Soutien de compétence meta
Il arrive que l’on dispose d’une compétence qui est mise en jeu sur le GN. Il est ainsi possible de soutenir le jeu d’un personnage.
Une approche proposée est d’utiliser des questions qui contiennent des réponses (« est ce que votre lame a été trempée par le tranchant pour assurer une meilleure dureté sans perdre sa souplesse comme le font traditionnellement les forgerons de katana japonais ? »). Et plus généralement de faciliter que le personnage brille dans ce domaine.

Soutien d’influence sociale
Même si les organisateurs n’ont pas insisté sur cet aspect en atelier, il peut toujours être bon de rappeler les titres et faire montre d’un respect explicite envers les personnages de castes supérieures, quitte à être un peu excessif pour rappeler le statut d’un ou d’une partenaire de jeu.

Diffusion d’influence sociale
À l’inverse pour quelqu’un qui a une influence sociale établie et puissante, distribuer son pouvoir via de la délégation par exemple, peut aider soutenir le jeu des autres (« l’empereur m’a confié une mission à moi ? »). Cela passe notamment par le fait de convoquer une réunion, assemblée, conseil ou autre qui va permettre de donner du statut à ceux qui seront convoqués, par rapport à ceux qui ne le seront pas. Cela crée aussi une occasion d’exister parmi ses pairs, de prendre sa place. On peut aller plus loin et prendre le risque de perdre du pouvoir en laissant des subalternes entrer en concurrence ou être témoin à charge de nos erreurs. C’est une manière de donner beaucoup de jeu aussi bien à ses subalternes qu’à ses concurrents.

Donner du jeu dans les ombres
Quand l’on dispose d’informations sur les parts sombres du personnage, soit dans la fiction, soit en tant qu’interprète, on peut essayer de faciliter leur mise en jeu. En effet le personnage aura tendance à les cacher pour garder sa cohérence émotionnelle (on évite ses peurs, ses hontes, etc.).
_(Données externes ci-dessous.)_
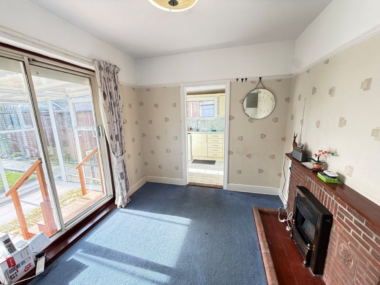 24’ x 10’ (plus bay) Electric fire with attractive surround. Double radiator. Power points. Telephone point. Double glazed bay window to rear. Double glazed sliding patio door leading to Conservatory.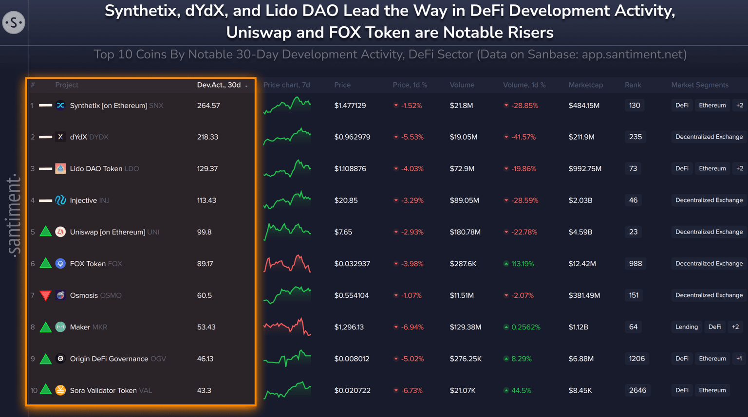 ๐งโ๐ป Here are crypto's top 10 DeFi projects by development. Directional indicators represent each project's ranking positioning since last month: โก๏ธ 1) Synthet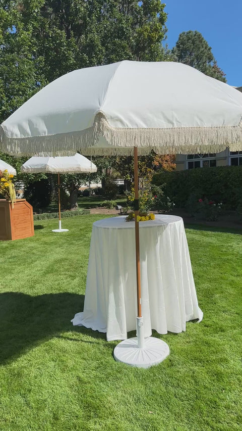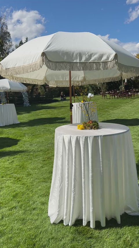 Enhance your wedding or event with the elegant Ruffled Outdoor Umbrella. Featuring a charming ruffled fringe, it offers perfect shade while adding a stylish touch to any outdoor setting. Rent this beautiful umbrella to create a comfortable, shaded space that your guests will appreciate.

Mais parfois gardes les parts sombres cachées empêche d’expérimenter la pleine profondeur du personnage. Donc une aide extérieure peut être bienvenue pour justement permettre l’exploration de ces zones.
Appuyer là où ça fait mal peut permettre de jouer son personnage plus en profondeur.

Donner du jeu dans les informations
La gestion des secrets est aussi un sujet sur lequel la table ronde est revenue plusieurs fois notamment pour la partie qui soutient le jeu des autres protagonistes. Un consensus semble clair sur le fait que « Quand j’ai un secret, je le partage. » sinon ça sert à rien.
Plusieurs pistes on été proposées pour partager (en tant qu’interprète) un secret que le personnage ne souhaite pas dévoiler :

  • Hésiter. Se contredire. Mal mentir. Pour le mensonge, il est proposé une technique méta : répondre en regardant ailleurs.
  • Mettre en scène l’emportement pour divulguer des informations « sous le coup de la colère ».
  • La conversation faussement privée, où l’on se met en position d’être entendu, où l’on se laisse épier.
    La question sans réponse générale mais qui est proposée comme centrale est :Comment lâcher l’information pour un effet maximal ?

Limites

Une limite mentionnée est celles de la charge mentale. Puisque le « play to lift » se rajoute au fait de jouer son personnage : en cohérence émotionnelle, intellectuelle et sociale, avec déjà un certain nombre de choses à mémoriser avant et pendant le jeu. Cette approche demande de préparer et d’enregistrer davantage d’informations sur les autres personnages pour soutenir leur jeu.